Ingredients for 4 people:
- 200 g small mushrooms
- 60 g butter
- Extra virgin olive oil
- Salt, black pepper
- 5 shallots or a large sweet onion
- 1 carrot
- 150 g fresh bacon
- 650 g top beef sirloin cap, coarsely diced
- 1 clove of garlic
- A few sprigs of parsley
- Fresh thyme
- ½ bay leaf
- 700 g red wine
- 400 g small potatoes
- 1 tbsp tomato concentrate
Optional:
- Pinch of cayenne
Preparation:
- Add the cleaned mushrooms and cook on speed 1, 120 degrees, 5 minutes with a knob of butter and a drizzle of oil.
- Season with salt and pepper and set aside.
- Place the peeled and quartered shallots and carrots in the mixing jar.
- Blend on speed 8, 30 seconds.
- Remove from the blender.
- Carefully replace the blade guard.
- Place half the butter and a drizzle of oil in the mixing jar. Mix in the coarsely chopped bacon and cook on speed 1, 120 degrees, 5 minutes.

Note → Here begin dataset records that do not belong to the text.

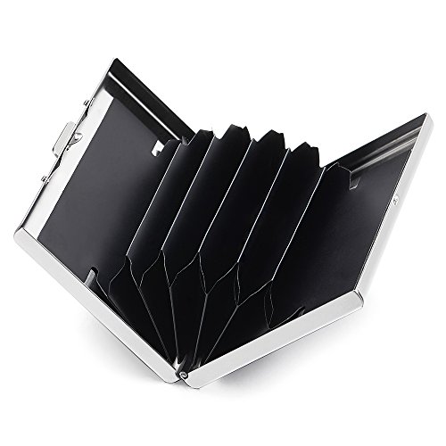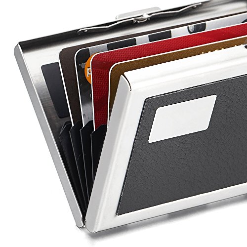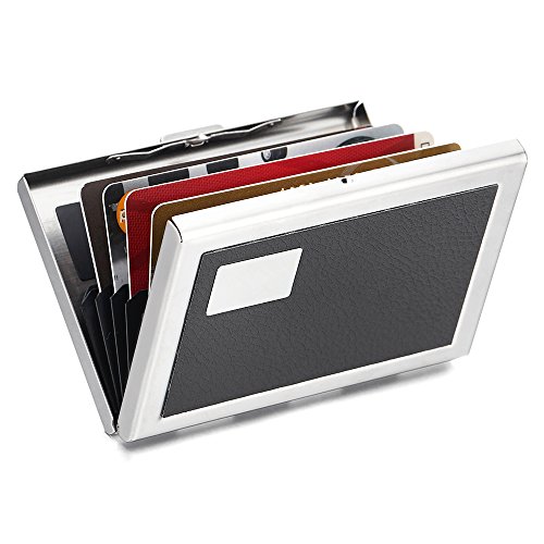 Product Description *Material: Stainless steel leather; Color: Silver black *Measures: 3.78x2.64x0.51inch *6 card slots to allow easy organization of credit cards, business cards and even small cash; RFID blocking *Slim thin. Perfect to slip into your pocket, briefcase or handbags *Timeless style for both men and women
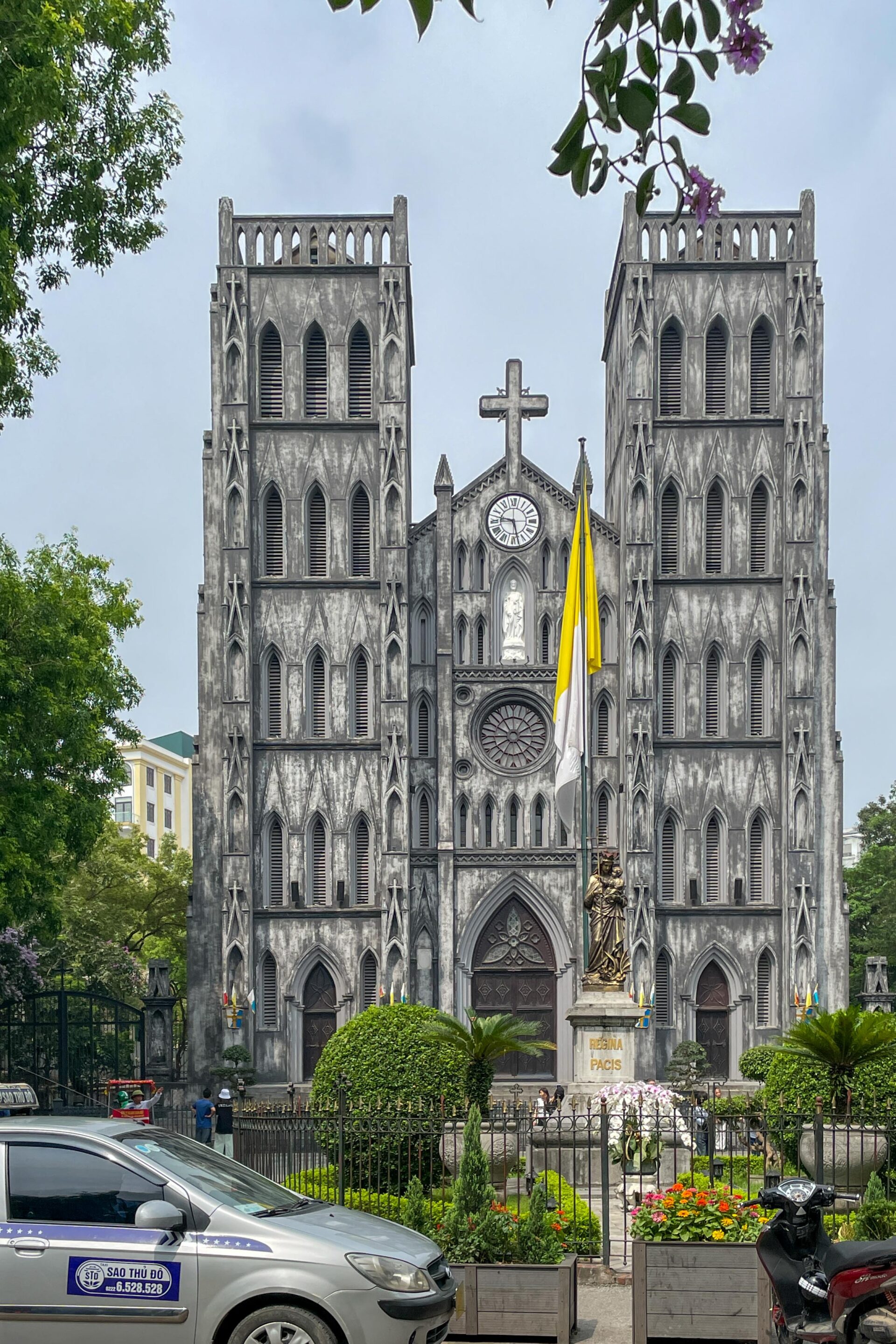 Langs het meer lopen we onder de fel lila gekleurde bomen op zoek naar de St. Jozef Kathedraal. Als je hier goed naar de gevels van de woningen kijkt, zie je dat hier geen “Tube Houses” staan maar bredere woningen in Franse stijl, voorzien van luiken en de o zo typerende Franse balkonnetjes.
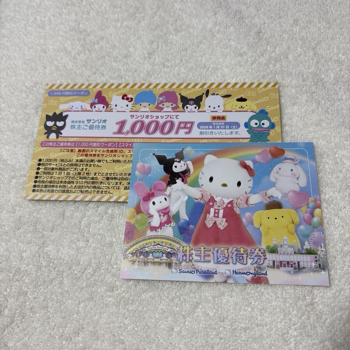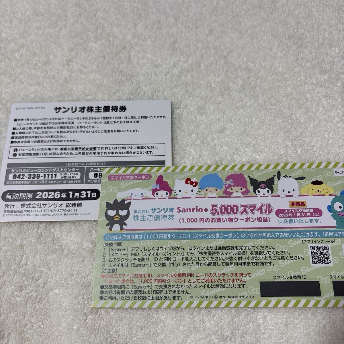 サンリオ株主優待券1枚+サンリオショップの1,000円割引または5,000スマイル交換券1枚
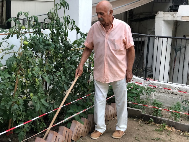 Ο «κηπουρός» της παρέας είναι ο Παναγιώτης Θεοδοσιάδης. «Εγώ ανέλαβα τον κήπο από την ημέρα που ξεκινήσαμε. Έχουμε αγγουράκια, ντομάτες, πιπεριές καυτερές και την ημέρα που γιόρταζε ο Άγιος Παντελεήμων, η εκκλησία μας, μαζευτήκαμε εδώ και κεραστήκαμε. Έρχομαι κάθε πρωί, μεσημέρι και απόγευμα για να προσέχω τον κήπο, καθώς θέλουν φροντίδα τα φυτά», εκμυστηρεύτηκε.

- Add the meat and cook on speed 1, 120 degrees, 5 minutes.
- Add the onion and carrot.
- Continue cooking at the same speed and temperature, 5 minutes.
- Season with salt and pepper.
- Add the crushed garlic in its skins, some parsley stalks, a few sprigs of fresh thyme and the bay leaf.
- Douse with the wine and select “sauce”, speed 1, 90 degrees, 60 minutes.
- If the mixture starts to become dry, add more wine.
- Repeat the programme for a further 30 minutes.
- At the end of the cooking time, the stew should be creamy.
- When 90 minutes have passed, open the lid, taking care not to burn yourself with the steam.
- Place the steamer with the peeled and seasoned potatoes.
- Cook the meat and potatoes in the steamer for the next half hour.
- Add the cooked mushrooms, the tomato concentrate and cook at speed 0, 90 degrees, 2 minutes.
- Serve the stew with the steamed potatoes.